## Work request
The answer must be a word-for-word copy of the records below, with every picture left out.

--- Material to process ---

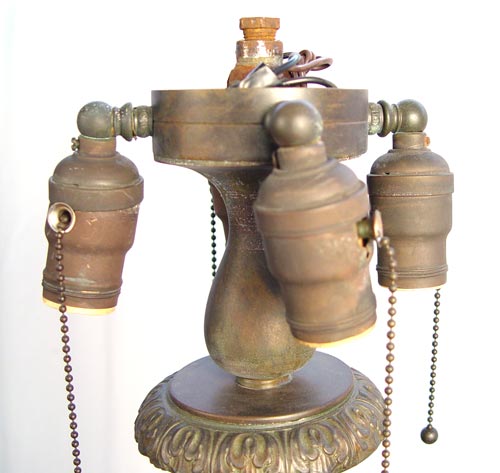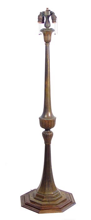BRONZE FLOOR LAMP: The octagonal base is signed ''Tiffany Studios NY 1589''. 62''h. The floor lamps in this collection may be incomplete and are built from components, including signed Tiffany.
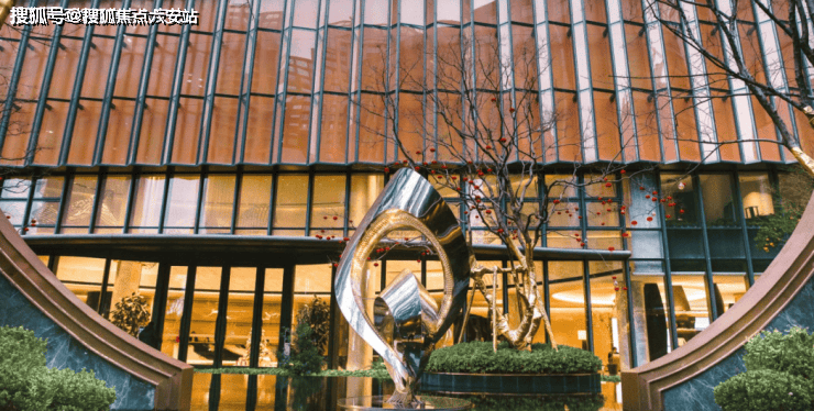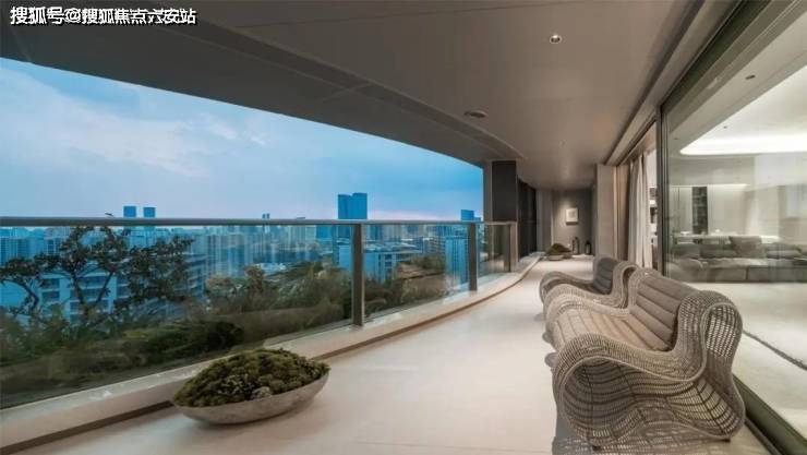 是全杭州唯一的三叶草立面弧度的大平层,实现了真正的270度采光,一层三户没有绝对的东西边套,每一套都是全边套设计。这样不同阳光的角度下,深蓝色大面积落地玻璃映照着金属线条,又有着不一样的景致,而且采光毫无死角,窗外如此盛景
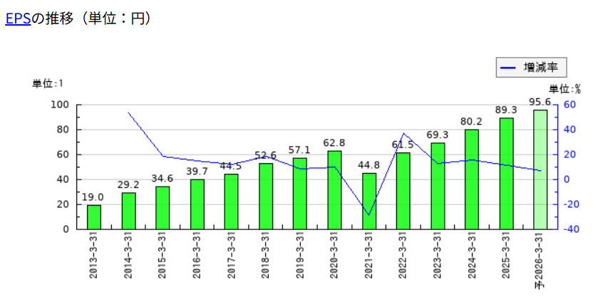 同社は「家賃収入(安定)」と「物件売却(攻め)」のバランスが非常に優れています。過去10年以上のデータを見ても、コロナ禍などの一時的な要因を除けば、EPS(1株当たり利益)は着実に増加しています。
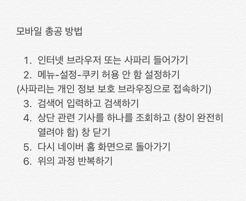 +그리고 검색할때마다 쿠키 지워야한대!! 쿠키 안지우면 검색해도 소용없음 ㅠㅠ 쿠키 지우는 방법 이어쓰기로 올렸어 방법 모르는 사람 글 들어가서 봐줭 그리고 밑에 사진은 모바일 총공 방법이야
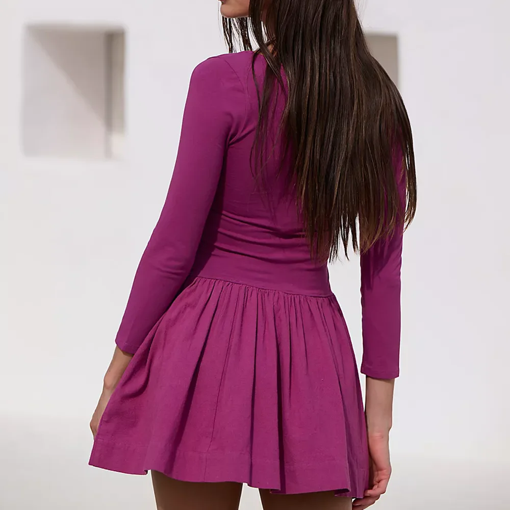 Manufacturer Oem Solid Color Long Sleeve Dresses Women square Neck a Line Drop Waist Mini Dresses
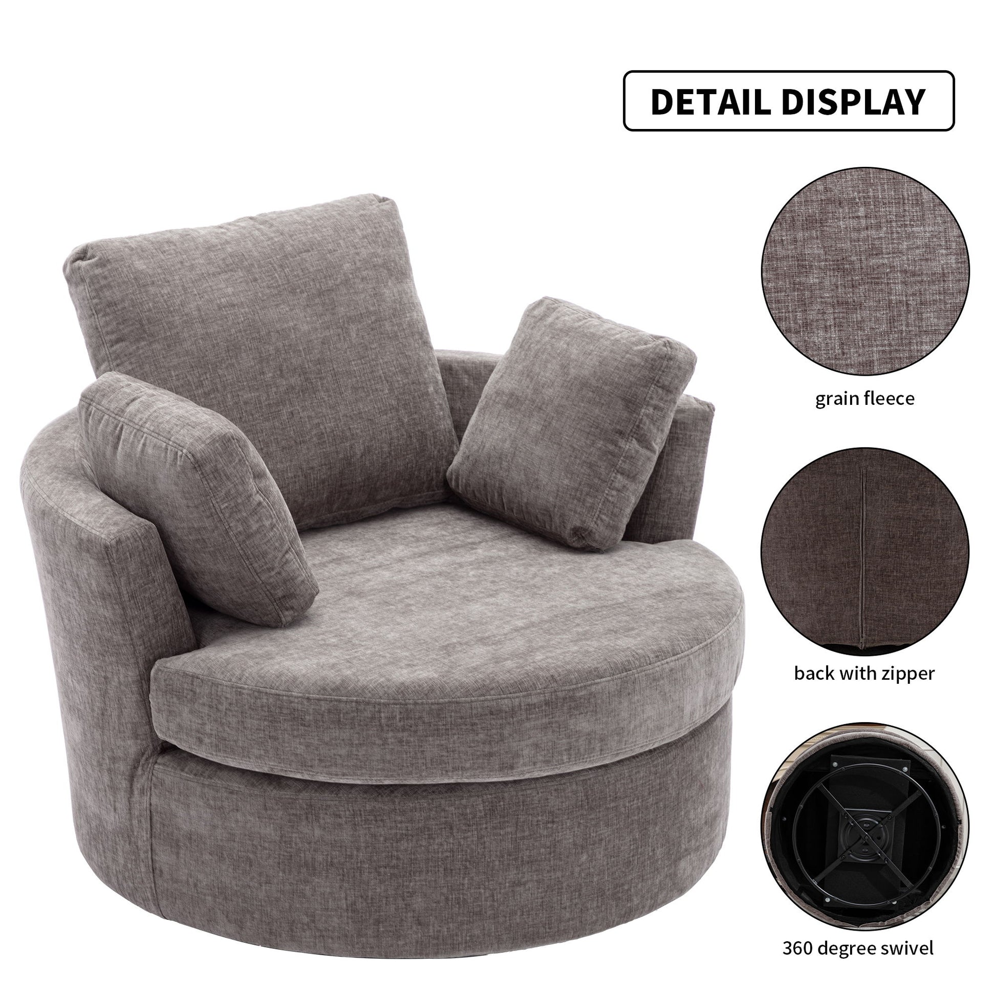 Oversize Round Swivel Chair Cozy Club 360 Degrees Swivel Sofa With 3 Pillows Chenille Fabric For Living Room Lounge Hotel - Gray

---

## Result of the exercise
BRONZE FLOOR LAMP: The octagonal base is signed ''Tiffany Studios NY 1589''. 62''h. The floor lamps in this collection may be incomplete and are built from components, including signed Tiffany.
 是全杭州唯一的三叶草立面弧度的大平层,实现了真正的270度采光,一层三户没有绝对的东西边套,每一套都是全边套设计。这样不同阳光的角度下,深蓝色大面积落地玻璃映照着金属线条,又有着不一样的景致,而且采光毫无死角,窗外如此盛景
 同社は「家賃収入(安定)」と「物件売却(攻め)」のバランスが非常に優れています。過去10年以上のデータを見ても、コロナ禍などの一時的な要因を除けば、EPS(1株当たり利益)は着実に増加しています。
 +그리고 검색할때마다 쿠키 지워야한대!! 쿠키 안지우면 검색해도 소용없음 ㅠㅠ 쿠키 지우는 방법 이어쓰기로 올렸어 방법 모르는 사람 글 들어가서 봐줭 그리고 밑에 사진은 모바일 총공 방법이야
 Manufacturer Oem Solid Color Long Sleeve Dresses Women square Neck a Line Drop Waist Mini Dresses
 Oversize Round Swivel Chair Cozy Club 360 Degrees Swivel Sofa With 3 Pillows Chenille Fabric For Living Room Lounge Hotel - Gray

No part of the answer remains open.